§ **INPUT DATA**:

== Segment start ==

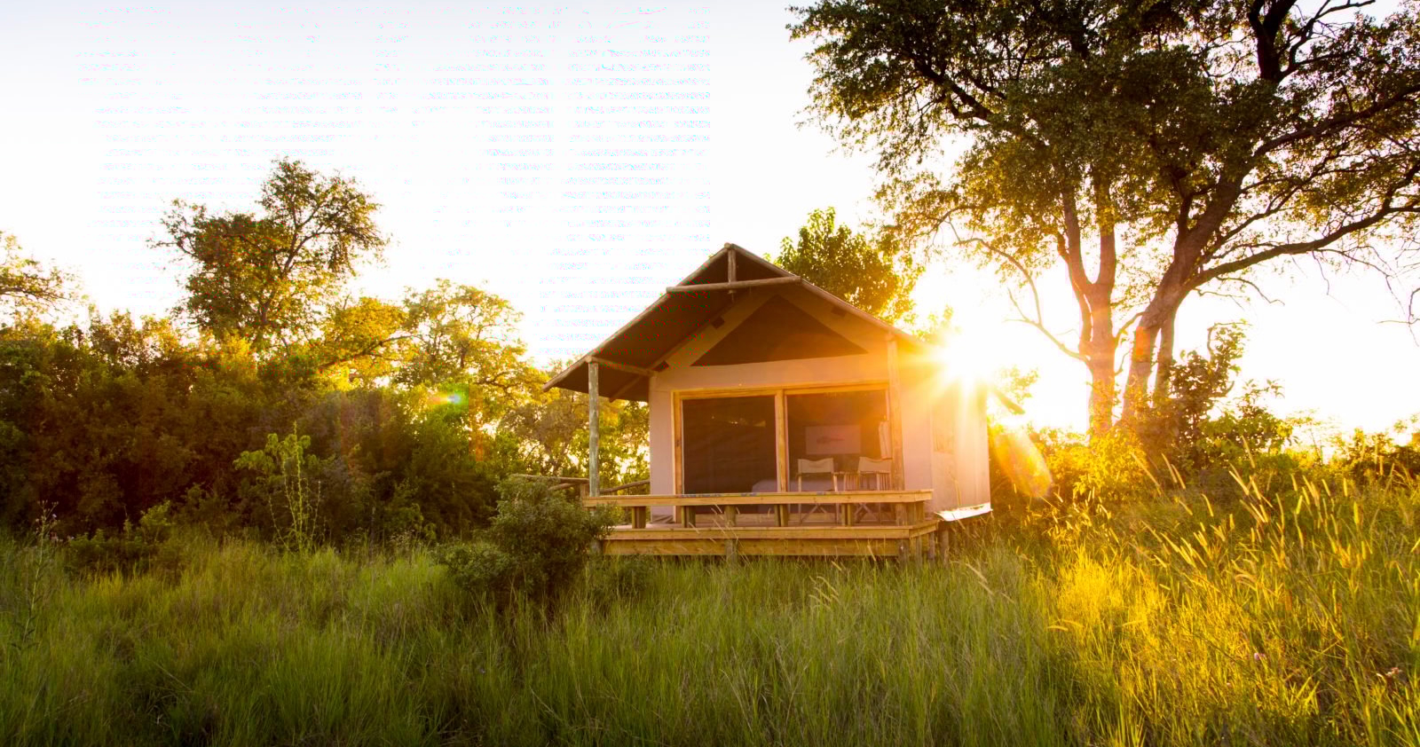 Denne eksklusive økocamp i hjertet af Okavango-deltaet tilbyder en kombination af eventyr, luksus og bæredygtighed. Teltene er udstyret med moderne bekvemmeligheder og en hævet terrasse, der tilbyder fantastiske udsigter over det omkringliggende landskab.
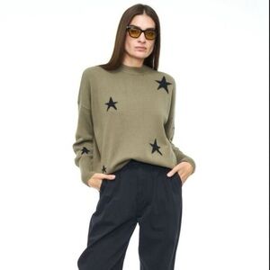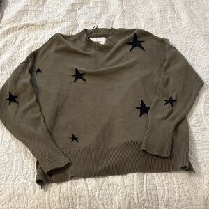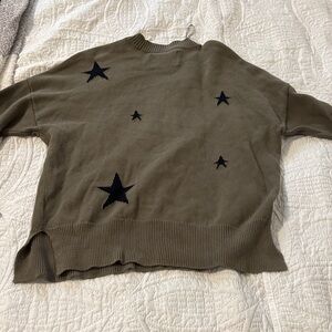 Chic olive sweater with bold black star design. Perfect for casual wear.
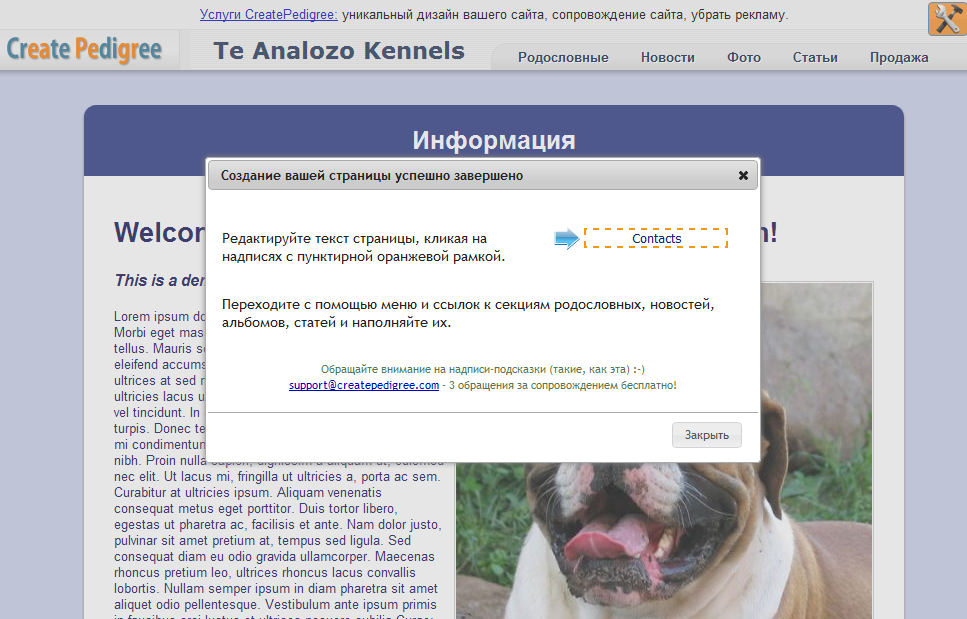 Если вас интересует создание сайта питомника на стандартном шаблоне (навыки дизайнер не нужны) или как наполнить страницы информацией, посмотрите материал Создание сайта питомника вместе с CreatePedigree.

== Segment end ==

§ **GOAL OF THE EXERCISE**: In your copy of the material, every word must match and no image should appear.

§ **RESULT OF THE TASK**:
 Denne eksklusive økocamp i hjertet af Okavango-deltaet tilbyder en kombination af eventyr, luksus og bæredygtighed. Teltene er udstyret med moderne bekvemmeligheder og en hævet terrasse, der tilbyder fantastiske udsigter over det omkringliggende landskab.
 Chic olive sweater with bold black star design. Perfect for casual wear.
 Если вас интересует создание сайта питомника на стандартном шаблоне (навыки дизайнер не нужны) или как наполнить страницы информацией, посмотрите материал Создание сайта питомника вместе с CreatePedigree.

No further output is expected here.